A modified Morris-Lecar mean-field model with three state variables: the mean membrane potential of pyramidal cells \(V\), the potassium gating variable \(W\), and the inhibitory interneuron activity \(Z\) [1] [2]. Voltage sigmoidally gates Ca2+, Na+ and K+ conductances, and a voltage-dependent firing rate feeds excitatory recurrence; the model exhibits fixed points, limit cycles and chaos depending on parameters.

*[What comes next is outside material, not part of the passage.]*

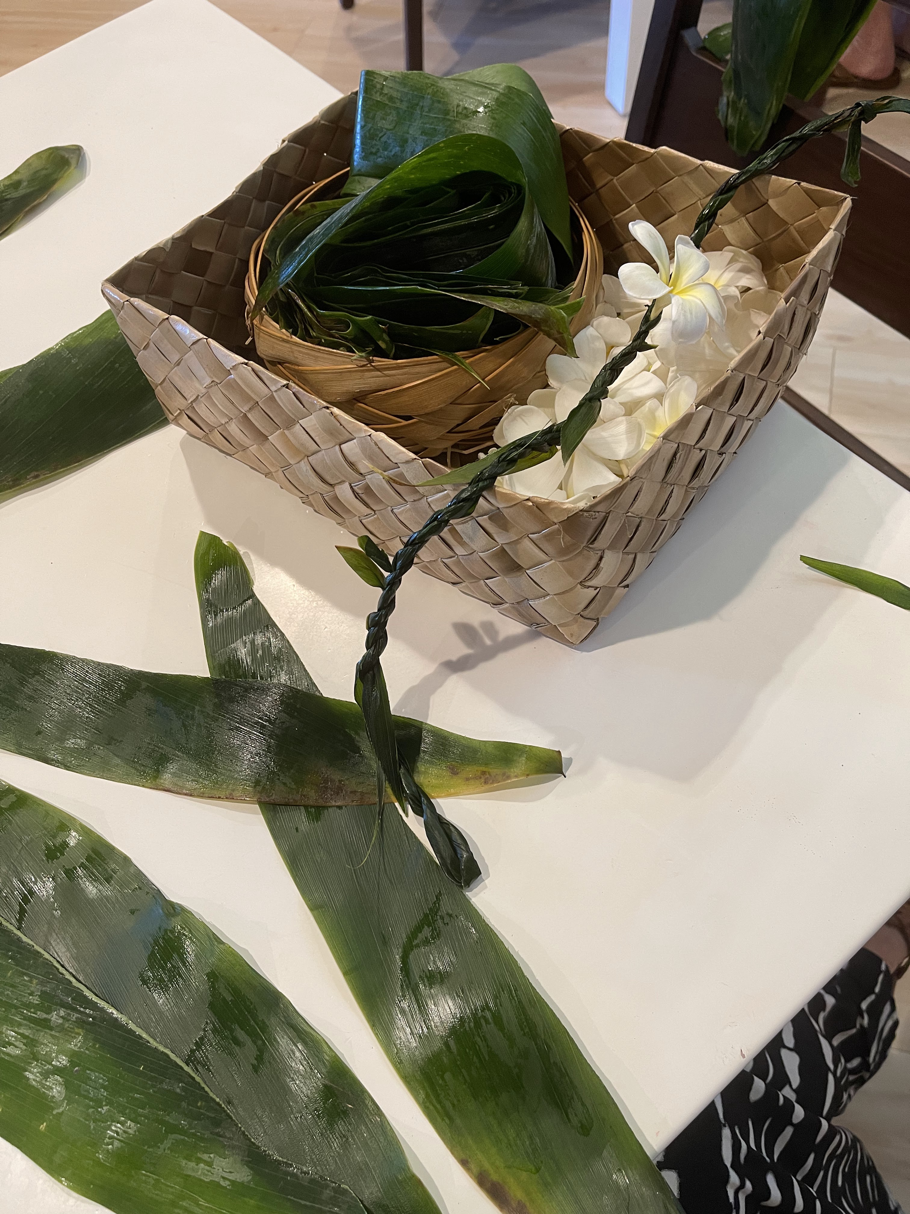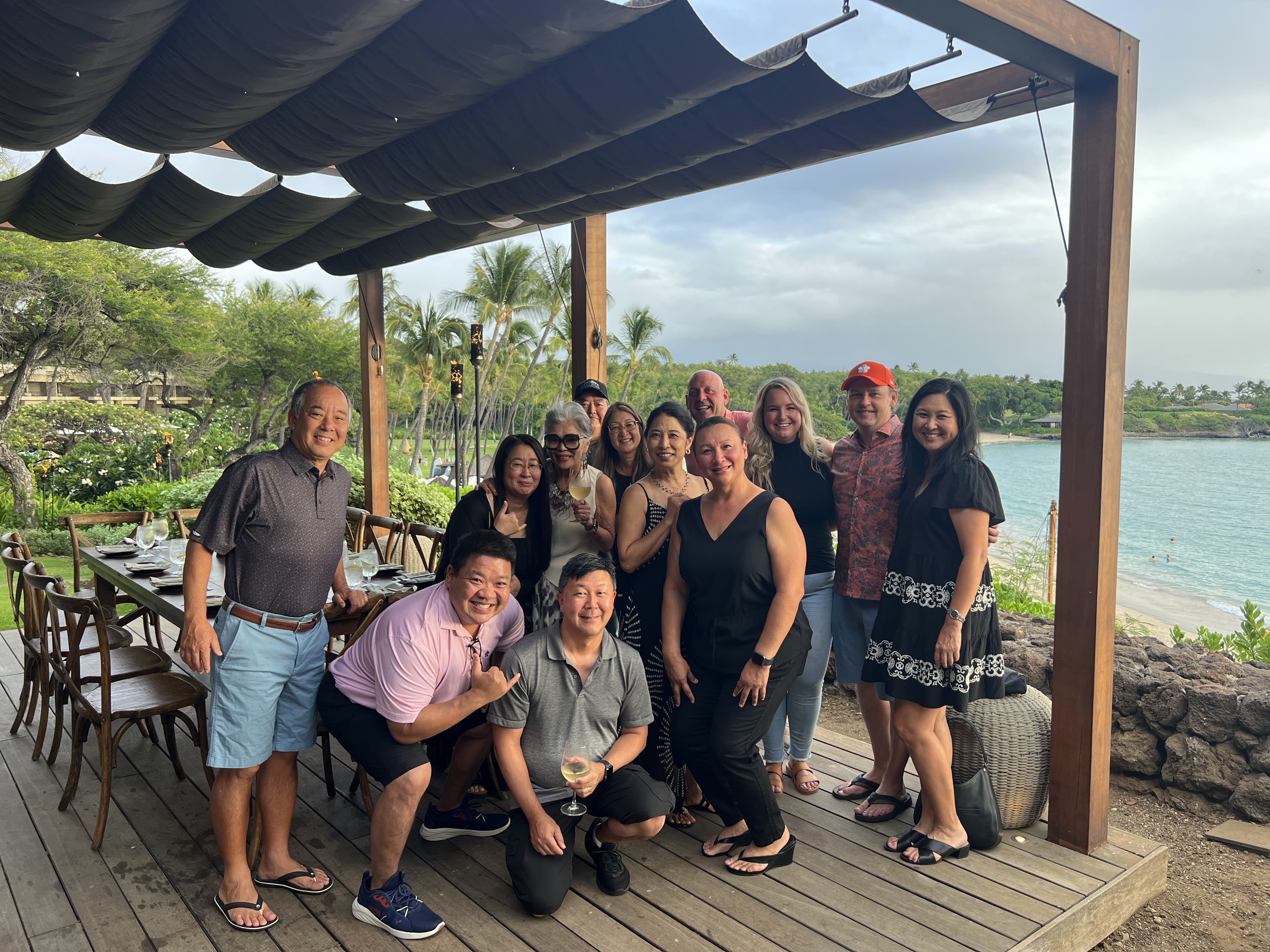 I thought I was going to wake up early and go walking but I relaxed and then participated in the ti leaf lei-making class at the hotel before heading to the beach to chat with friends and do crossword puzzles and get some lunch while some others in our group went golfing. We all met up for dinner where we got another beautiful sunset view with our group of 18 people at the Vista Point next to the Copper Bar. We shared plates of sushi, sashimi, flatbreads, and ribs as we celebrated our friendship. We again extended our party in our suite with more wine and games and finally, us doing our best to cheer on the United States Women’s National Soccer Team at almost 2 a.m.

Auxiliary (instantaneous) variables — sigmoidal channel gating and firing rates:

\[\begin{split}\begin{aligned} m_{\mathrm{Ca}} &= \tfrac12\bigl(1 + \tanh\tfrac{V - T_{\mathrm{Ca}}}{\delta_{\mathrm{Ca}}}\bigr),\quad m_{\mathrm{Na}} = \tfrac12\bigl(1 + \tanh\tfrac{V - T_{\mathrm{Na}}}{\delta_{\mathrm{Na}}}\bigr),\quad m_{K} = \tfrac12\bigl(1 + \tanh\tfrac{V - T_K}{\delta_K}\bigr), \\ Q_V &= \tfrac12 Q_V^{\max}\bigl(1 + \tanh\tfrac{V - V_T}{\delta_V}\bigr),\quad Q_Z = \tfrac12 Q_Z^{\max}\bigl(1 + \tanh\tfrac{Z - Z_T}{\delta_Z}\bigr). \end{aligned}\end{split}\]

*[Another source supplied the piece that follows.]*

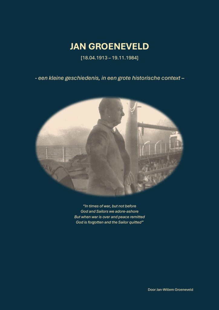 Van Jan-Willem Groeneveld ontvingen wij een boekje in pdf-vorm dat hij heeft geschreven over zijn vader Jan Groeneveld (1913-1984). Jan is als kind met het gezin meegekomen vanuit Vlaardingen naar IJmuiden. De vader van Jan (Willem Groeneveld) was kuipersbaas en zo rond 1920 was er veel werk in die sector in IJmuiden. Toen Jan 16 jaar werd is hij vanuit IJmuiden naar zee getrokken om te gaan varen.
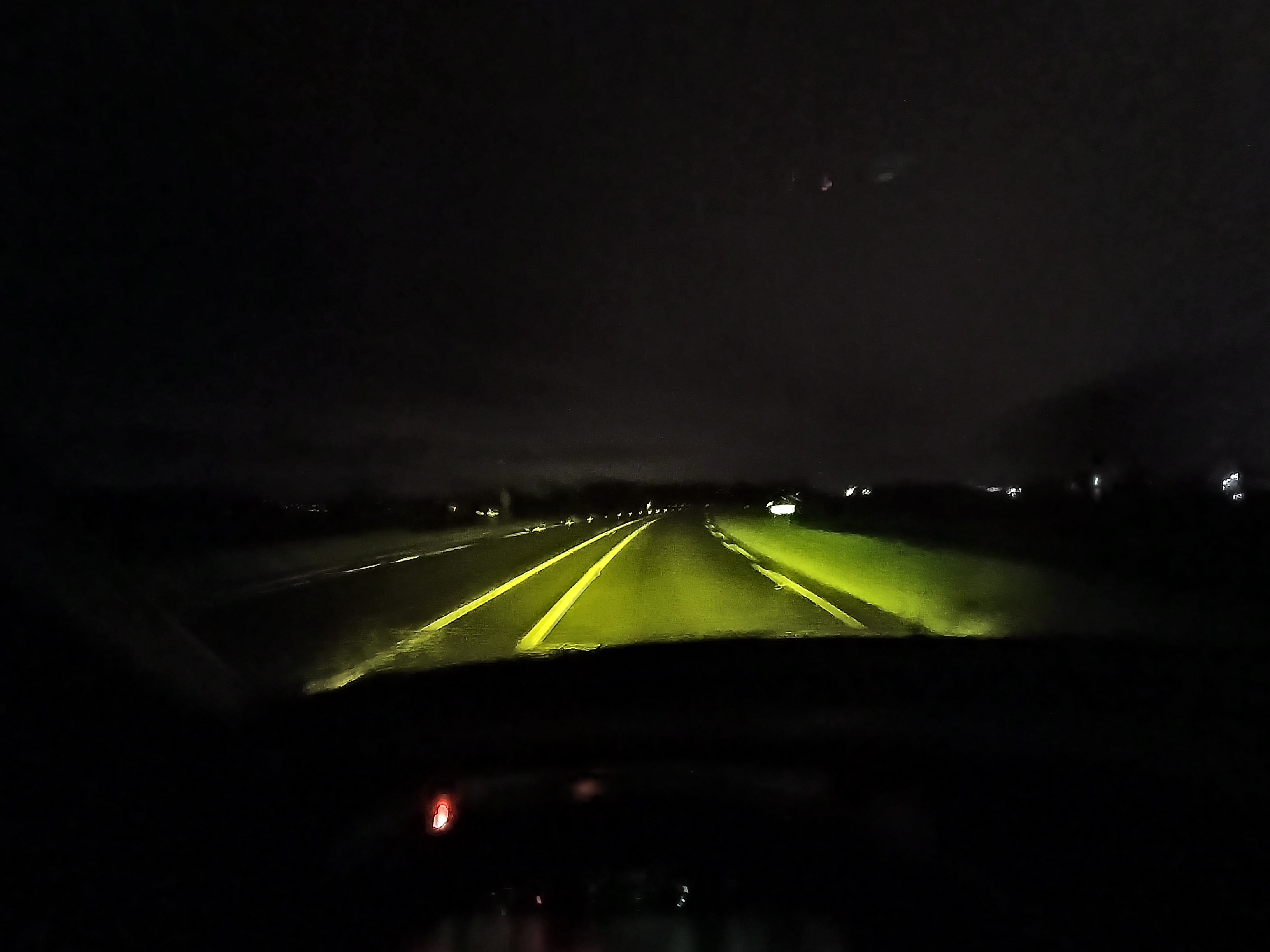 Nogmaals.., 's nachts hiermee door de polder denderen is echt een genot. Dimlicht verlicht de weg voor je nu bijna zodanig ver en helder als grootlicht ook zou doen. (logisch, het is eigenlijk grootlicht waar deels een plaatje voor geklapt zit.) Zet je grootlicht aan, dan wordt ook je horizon en zaken in de verte die hoger dan het wegdek liggen verlicht.

State equations (with long-range coupling \(c\) entering on \(V\)):

\[\begin{split}\begin{aligned} \dot V &= t_s\bigl(-I_{\mathrm{Ca}} - I_K - I_L - I_{\mathrm{Na}} - a_{ie} Z Q_Z + a_{ne} I_{\mathrm{ext}}\bigr), \\ \dot W &= t_s\,\phi\,(m_K - W)/\tau_K, \\ \dot Z &= t_s\,b\,(a_{ni} I_{\mathrm{ext}} + a_{ei} V Q_V), \end{aligned}\end{split}\]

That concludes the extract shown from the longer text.